--- PROBLEM DESCRIPTION ---
Look through the entries below and copy exactly the part that begins with the line containing "Rueda poliamida negra" and ends with the line containing "Our meat shares". Do not copy the pictures.

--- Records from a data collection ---
━━━━━━━━━━━━━━━━━━━━━━━━━━━━━━
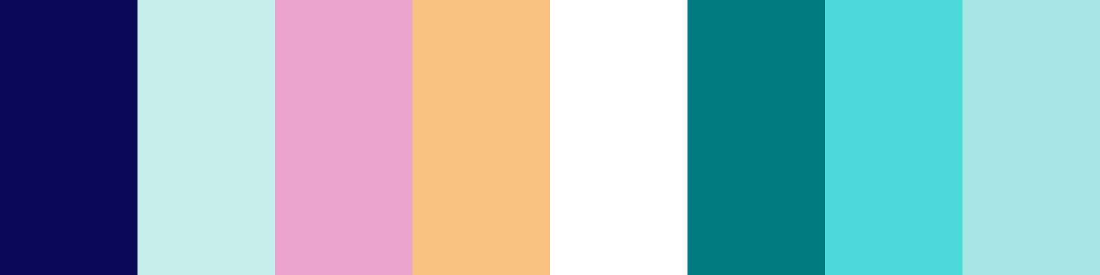 To complement your existing color palette of Deep Navy Blue ( #0b0757 ), Soft Mint Green ( #c4edeb ), Pastel Pink ( #e8a4c9 ), Warm Apricot ( #f9c282 ), Pure White ( #ffffff ), and the suggested gold shades, you’ll want a shade of teal that enhances the overall aesthetic while still providing a refreshing touch. Here are a couple of teal shades that would work beautifully:
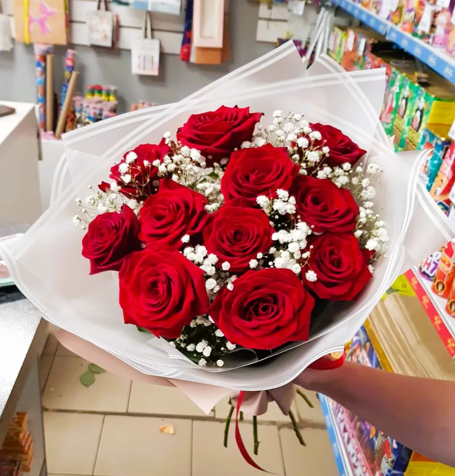 • Премиум - роза - 11 шт., гипсофила, упаковка, лента
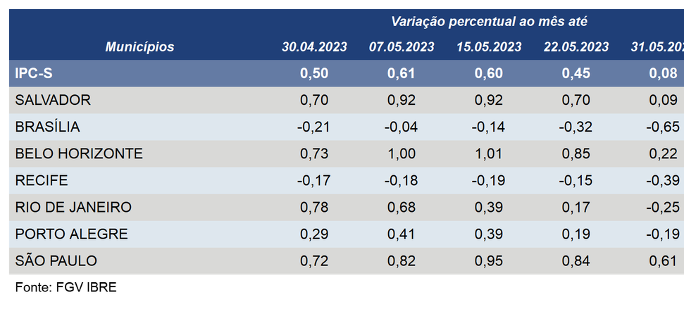 INFLAÇÃO: IPC-S, divulgado hoje, caiu em todas as capitais pesquisas no último período de maio
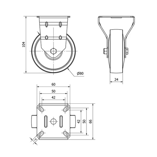 Rueda poliamida negra fija Alex diametro 80 mm. TW0318
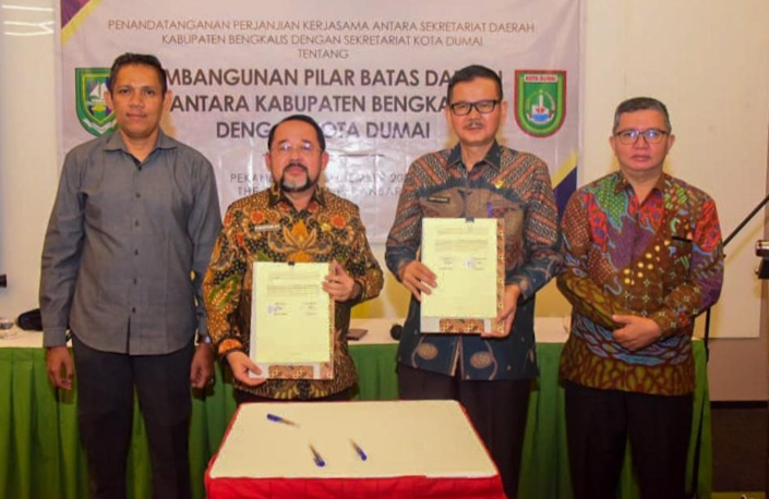Terkait Pembangunan Pilar Batas Daerah Antara Kabupaten Bengkalis Dengan Kota Dumai Pemkab Bengkalis Diwakili Sekda Bengkalis H Bustami HY Tandatangani PKS
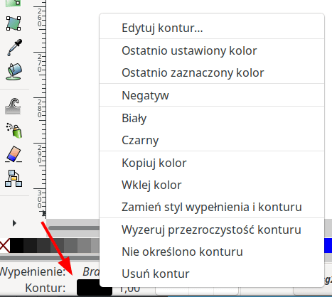 Oprócz bardzo przydatnej funkcji Edycja / Wklej styl (działającej również dla wielu zaznaczonych obiektów!) warto wiedzieć również o menu dostępnym pod prawym klawiszem na polach wskazujących aktualny kolor wypełnienia i konturu.
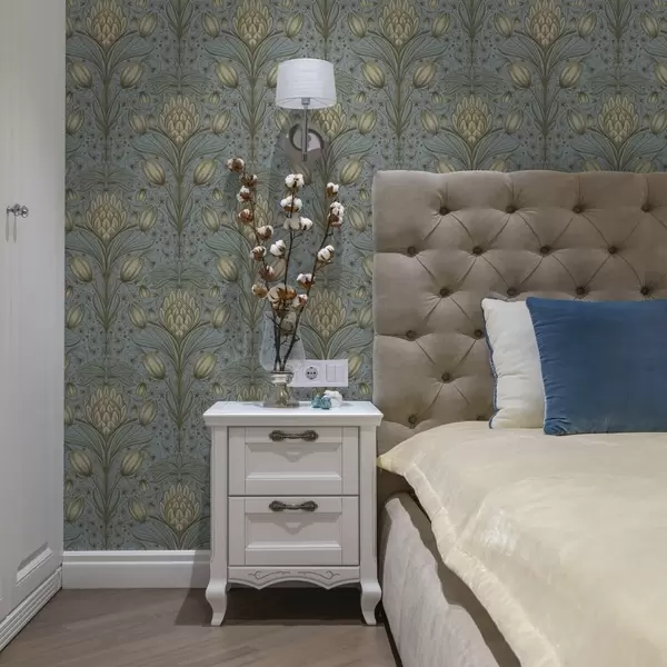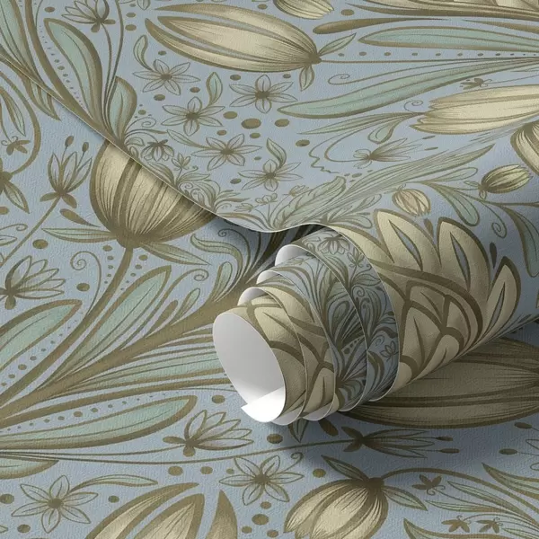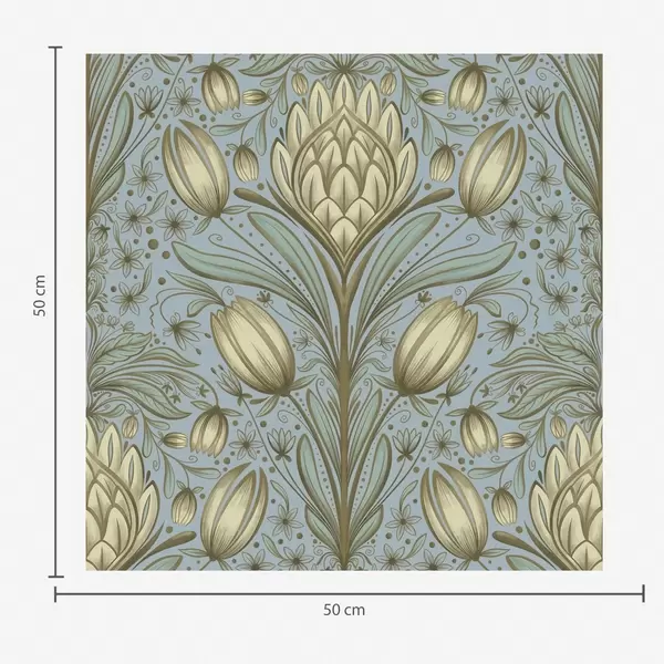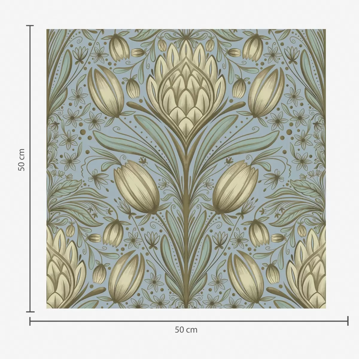 Tapeta Plavi uzorak s artičokama i tulipanima br. a00435
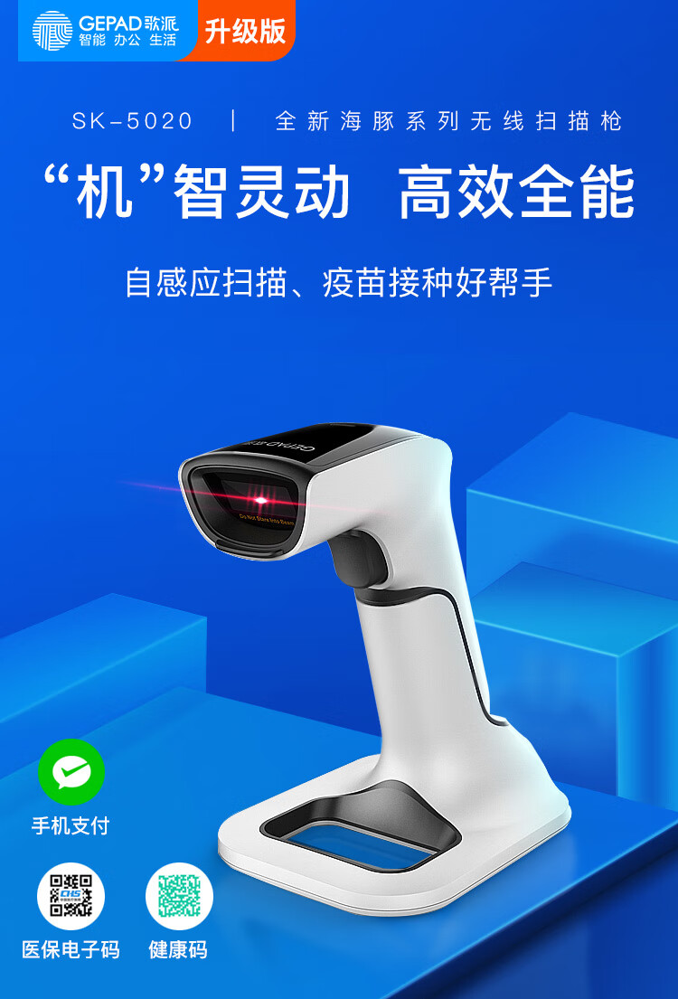 歌派(GEPAD)扫描枪 无线一二维码扫码枪 蓝牙扫码器 商超收银开票农资医保电子凭证码疫苗接种 SK-5020
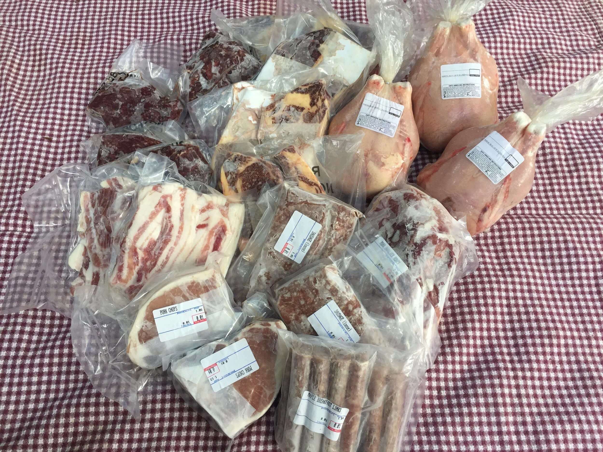 Our meat shares come in two sizes. They each contain 1/3 Chicken, Pork, and Beef. Each half share will have two packs of prime cuts (bacon and/or steak) and the rest a mixture of cuts . For examples of the cuts we have to choose from please refer to the Meat order page. Meat shares are available once a month at Ft. Bacon farm.
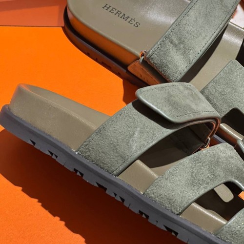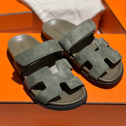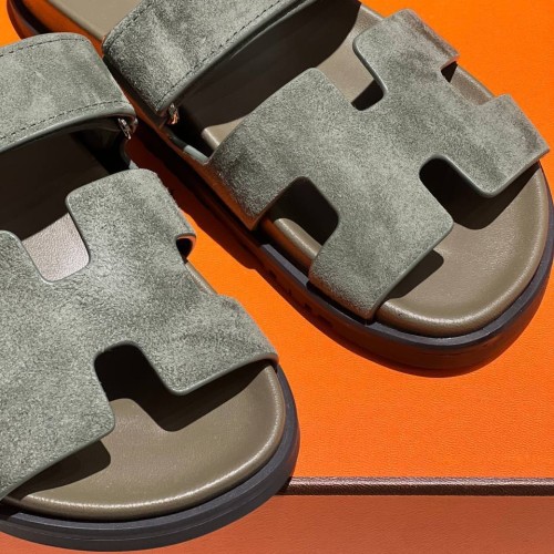 Серые женские шлепанцы от Hermes из натуральной замши. Шлепанцы Hermes с вырезом в виде легендарной буквы «H». Этот силуэт в культовом стиле Hermes является неотъемлемой частью любого гардероба и прекрасно дополнит ваш образ. В нашем интернет-магазине вы можете купить копии шлёпанцев с доставкой по Москве и по всей России.
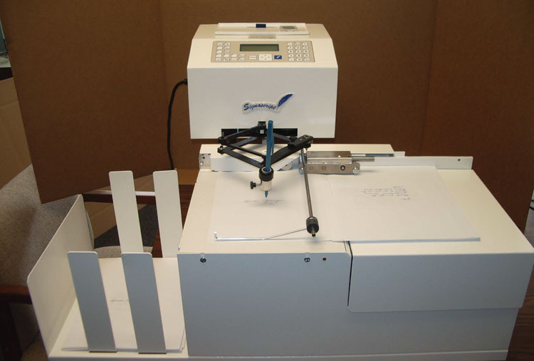 Ghostwriter. Le « prête-plume » : bras mécanique signant un document. Avec l’autorisation de la Société Autopen de la Damilic Corporation. Photo: D. R.
━━━━━━━━━━━━━━━━━━━━━━━━━━━━━━
--- RESULT OF THIS TASK ---
 Rueda poliamida negra fija Alex diametro 80 mm. TW0318
Terkait Pembangunan Pilar Batas Daerah Antara Kabupaten Bengkalis Dengan Kota Dumai Pemkab Bengkalis Diwakili Sekda Bengkalis H Bustami HY Tandatangani PKS
 Oprócz bardzo przydatnej funkcji Edycja / Wklej styl (działającej również dla wielu zaznaczonych obiektów!) warto wiedzieć również o menu dostępnym pod prawym klawiszem na polach wskazujących aktualny kolor wypełnienia i konturu.
 Tapeta Plavi uzorak s artičokama i tulipanima br. a00435
 歌派(GEPAD)扫描枪 无线一二维码扫码枪 蓝牙扫码器 商超收银开票农资医保电子凭证码疫苗接种 SK-5020
 Our meat shares come in two sizes. They each contain 1/3 Chicken, Pork, and Beef. Each half share will have two packs of prime cuts (bacon and/or steak) and the rest a mixture of cuts . For examples of the cuts we have to choose from please refer to the Meat order page. Meat shares are available once a month at Ft. Bacon farm.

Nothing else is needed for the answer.